AIM OF THE EXERCISE: Copy, word for word, the lines below from the one containing "Topselvi Mahallesi - Çırpıcı" up to and including the one containing "1.本件木雕關聖帝君像,作坐", with pictures left out.

EXERCISE MATERIALS:
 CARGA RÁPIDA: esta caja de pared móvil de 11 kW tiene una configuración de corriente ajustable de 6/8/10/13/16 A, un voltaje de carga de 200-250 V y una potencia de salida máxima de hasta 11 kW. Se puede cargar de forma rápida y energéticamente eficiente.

--

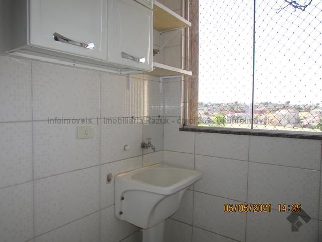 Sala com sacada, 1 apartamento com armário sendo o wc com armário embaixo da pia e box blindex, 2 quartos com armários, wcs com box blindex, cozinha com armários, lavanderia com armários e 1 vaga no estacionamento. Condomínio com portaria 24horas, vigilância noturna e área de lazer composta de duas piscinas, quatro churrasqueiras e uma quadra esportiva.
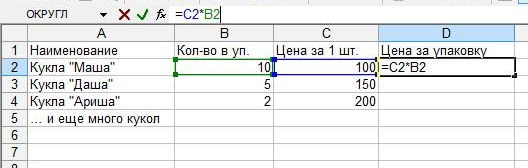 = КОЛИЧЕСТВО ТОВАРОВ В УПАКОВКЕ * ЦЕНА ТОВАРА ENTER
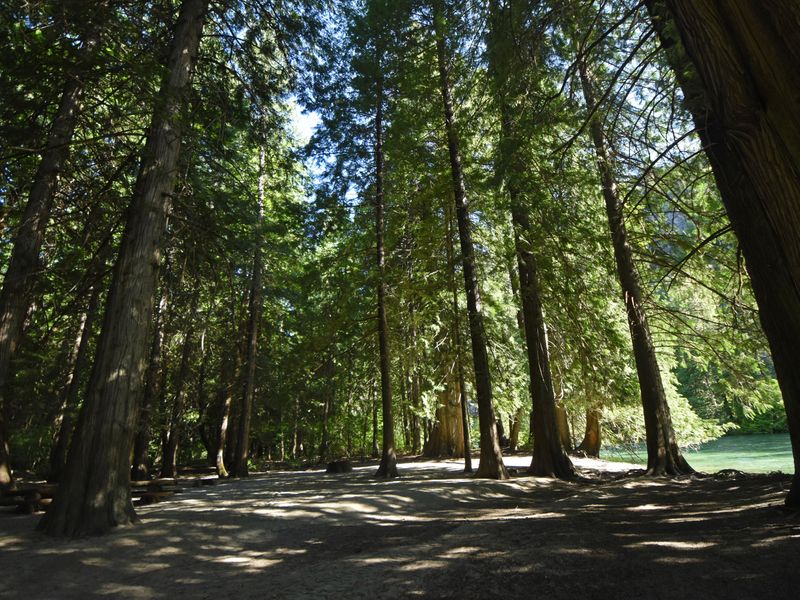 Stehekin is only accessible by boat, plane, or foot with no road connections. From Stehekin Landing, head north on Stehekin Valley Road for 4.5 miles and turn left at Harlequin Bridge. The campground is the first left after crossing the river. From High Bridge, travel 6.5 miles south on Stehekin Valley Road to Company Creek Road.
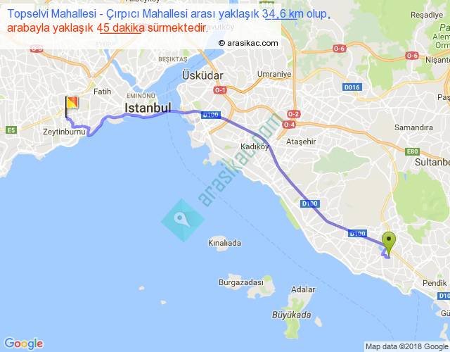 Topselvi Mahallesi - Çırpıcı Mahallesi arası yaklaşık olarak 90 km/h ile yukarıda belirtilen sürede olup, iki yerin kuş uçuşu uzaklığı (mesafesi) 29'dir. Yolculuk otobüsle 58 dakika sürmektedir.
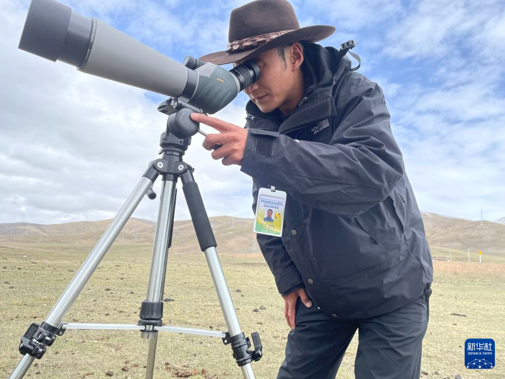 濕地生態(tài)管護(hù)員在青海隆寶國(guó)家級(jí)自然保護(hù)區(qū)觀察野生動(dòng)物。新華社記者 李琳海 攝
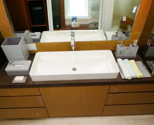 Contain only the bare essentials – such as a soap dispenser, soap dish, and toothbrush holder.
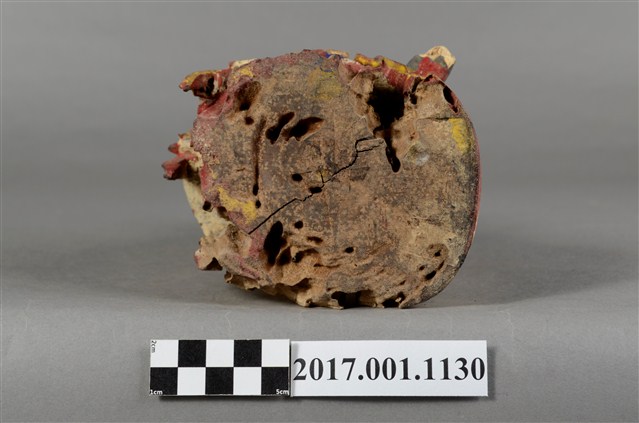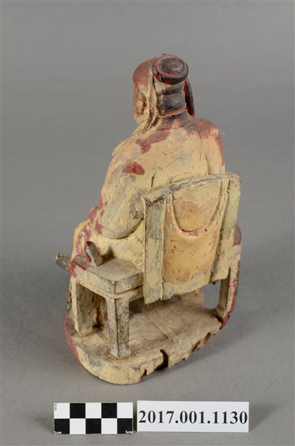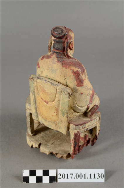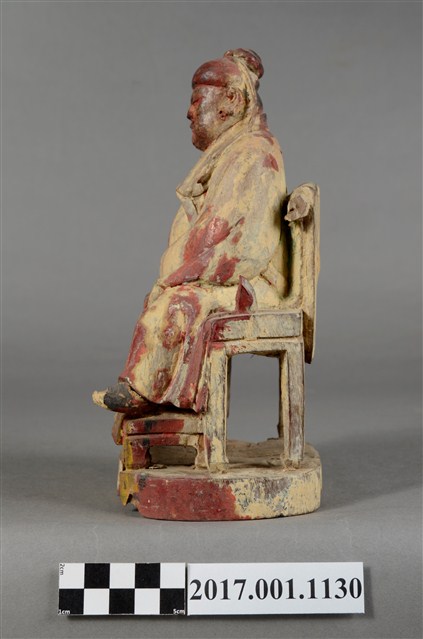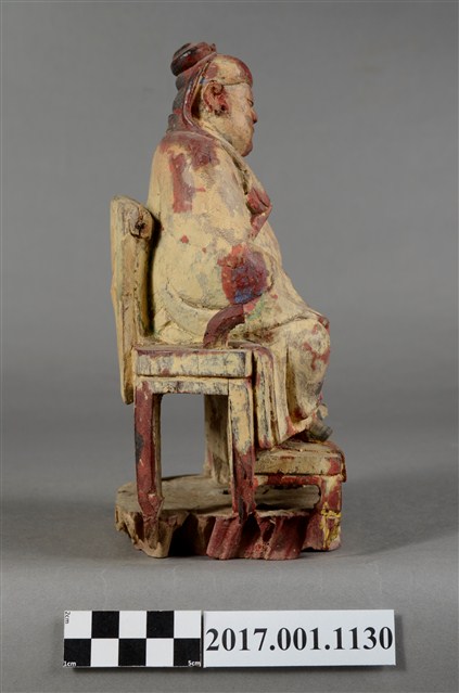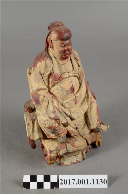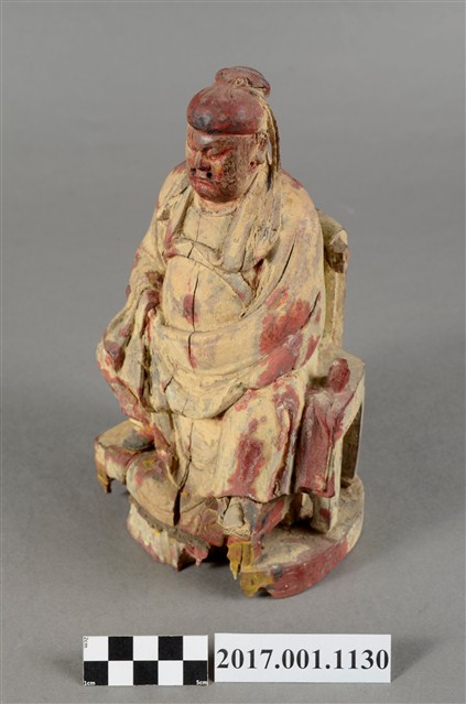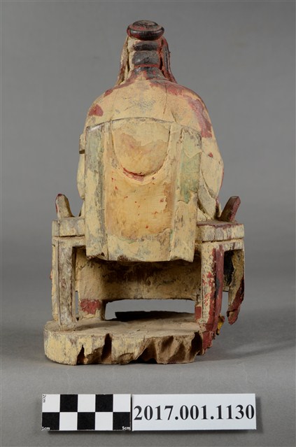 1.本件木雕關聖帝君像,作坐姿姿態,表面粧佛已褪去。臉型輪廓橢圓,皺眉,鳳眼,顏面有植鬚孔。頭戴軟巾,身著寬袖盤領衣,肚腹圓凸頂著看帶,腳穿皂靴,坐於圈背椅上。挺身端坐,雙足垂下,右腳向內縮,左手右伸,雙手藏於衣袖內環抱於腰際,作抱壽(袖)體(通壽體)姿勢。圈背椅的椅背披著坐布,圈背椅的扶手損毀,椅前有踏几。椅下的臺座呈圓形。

EXERCISE RESULT:
 Topselvi Mahallesi - Çırpıcı Mahallesi arası yaklaşık olarak 90 km/h ile yukarıda belirtilen sürede olup, iki yerin kuş uçuşu uzaklığı (mesafesi) 29'dir. Yolculuk otobüsle 58 dakika sürmektedir.
 濕地生態(tài)管護(hù)員在青海隆寶國(guó)家級(jí)自然保護(hù)區(qū)觀察野生動(dòng)物。新華社記者 李琳海 攝
 Contain only the bare essentials – such as a soap dispenser, soap dish, and toothbrush holder.
 1.本件木雕關聖帝君像,作坐姿姿態,表面粧佛已褪去。臉型輪廓橢圓,皺眉,鳳眼,顏面有植鬚孔。頭戴軟巾,身著寬袖盤領衣,肚腹圓凸頂著看帶,腳穿皂靴,坐於圈背椅上。挺身端坐,雙足垂下,右腳向內縮,左手右伸,雙手藏於衣袖內環抱於腰際,作抱壽(袖)體(通壽體)姿勢。圈背椅的椅背披著坐布,圈背椅的扶手損毀,椅前有踏几。椅下的臺座呈圓形。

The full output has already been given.